Figures from the Antique was the title of the latest instalment of the Wigmore's Bostridge Project: Ancient and Modern, in which Ian Bostridge and some of his regular musical collaborators examine ways in which composers re-invent history and myth in the image of their own times.
On this occasion, he shared the platform with Angelika Kirchschlager and the programme consisted of 18th- and 20th-century solo cantatas on classical themes.
The evening ultimately belonged to Kirchschlager, who closed it with a startling performance of Britten's Phaedra. Britten wrote the cantata in 1975 for Janet Baker, who sang it with tragic nobility and restraint. Kirchschlager, altogether less contained in it, views it in terms of obsessional neurosis, reaching near mania in Phaedra's catastrophic declaration of love to Hippolytus.
There were occasional imperfections. She dropped too many consonants and her full-throttle approach occasionally felt unremitting. But she made us rethink the work from scratch, which is always the mark of a major reinterpretation. And Kirchschlager's performance was unquestionably that.

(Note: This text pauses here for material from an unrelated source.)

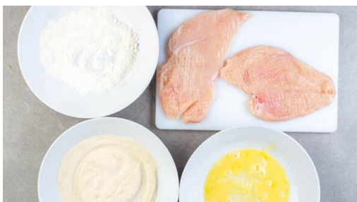
4. Panade vorbereiten

In einem mittelgroßen Topf 1EL Pflanzenöl mittelhoch erhitzen. Die Karotten im Topf mit ½TL Zucker, je 1 kräftigen Prise Salz und Pfeffer und 50ml Wasser 5-7Min. garen, bis sie durch sind und die Flüssigkeit größtenteils verdampft ist, dabei gelegentlich umrühren. Kurz vor Ende der Garzeit die Lauchzwiebeln und den Zitronenabrieb zugeben, mit Salz und Pfeffer abschmecken.

The rest of the evening, though often superb, didn't have quite the same impact. Kirchschlager's wild way with Phaedra also characterised her performance of Handel's Lucrezia, though weakened its force by being score-bound throughout. Bostridge, at his freshest and least mannered, had fun with Alessandro Scarlatti's Io Son Neron l'Imperator del Mondo and delivered Satie's La Mort de Socrate with wonderful limpidity and elegance.
Two instrumental ensembles were involved. The Aurora Orchestra under Nicholas Collon impressed in Satie and Britten. Laurence Cummings and the period instruments of the English Concert did fine things with Handel and Scarlatti. They also gave us Corelli's D Minor Sonata for Violin and Continuo "La Follia", its exacting solo lines beautifully sculpted by Nadja Zwiener.